The code group restoration selection unit 322 is configured to process the sub-layers when the data is aligned When working in a 4-channel scene, the K28.1 code group of the first channel is restored to the K28.5 code group; when the mixture coding sub-layer works in a single-channel scene, no restoration process is performed;

4 PCS basic receiving units 323, after data alignment, decode the 4 channels of data and remove the ordered set code groups, and restore the data streams to the GMII data stream and send them to the 4 MAC layer receiving sides;

The unbalanced value calculation processing unit 324 is configured to calculate an unbalanced value required for the decoding process by using the 4-channel unbalanced value when the mixed-coded sub-layer operates in the 4-channel scene; configured to work when the mixed-coded sub-layer operates in the single In the channel scenario, the unbalanced value required for the decoding process is calculated using the single channel imbalance value.
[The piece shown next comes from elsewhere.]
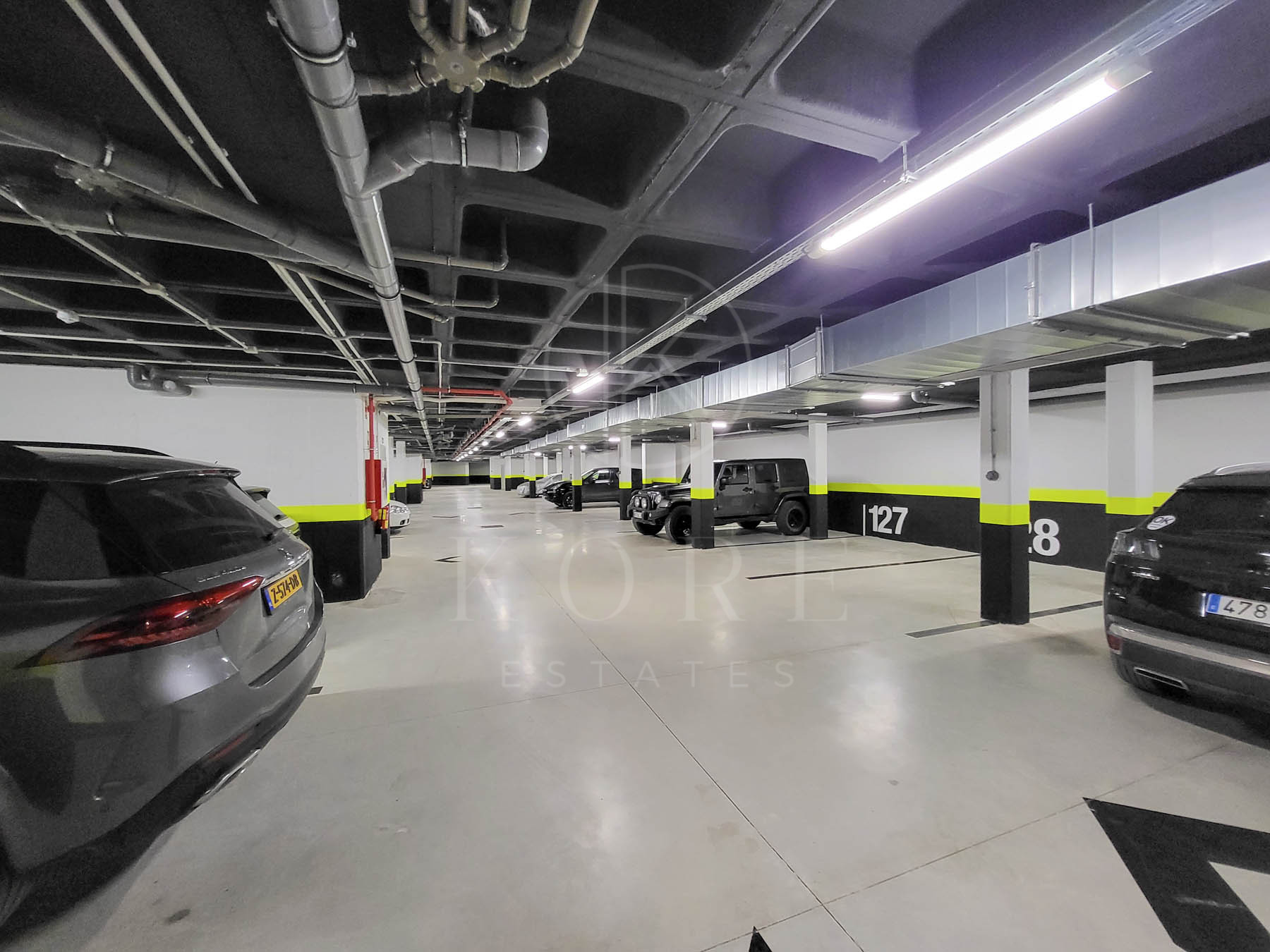 Dos amplias plazas de aparcamiento, una de ellas con estación de carga para coches eléctricos/híbridos y trastero.

Each PCS basic receiving unit 323 includes:

8B/10B decoding module (not shown) configured to perform 8B/10B decoding operation on the aligned data;

The standard receiving state machine module (not shown) is configured to remove the ordered set code group from the 8B/10B decoded data, and restore the data stream to the GMII data stream and send it to the MAC layer receiving side.

The code group restoration selecting unit 322 is further configured to select, according to the control signal, to align the data sent from the SERDES by using 4-channel alignment code detection or single channel alignment code detection;

The unbalanced value calculation processing unit 324 is further configured to: according to the control signal, select an unbalanced value required to calculate a decoding process by using a 4-channel unbalanced value, or calculate an imbalance required for the decoding process by using a single-channel unbalanced value. value.

As shown in FIG. 3, the hybrid coding sublayer of another embodiment of the present invention includes the above-described transmitting module 31 and receiving module 32. The mixture coding sublayer of FIG. 3 mainly performs selection processing on the code group replacement and reduction selection unit, the unbalance value calculation processing unit, and the alignment code detection processing unit of the original QSGMII processing structure.

The alignment code detection processing unit combines a 4-channel alignment code detection unit with a single-channel alignment code check The measurement unit determines which unit to use for processing according to pcs_mod.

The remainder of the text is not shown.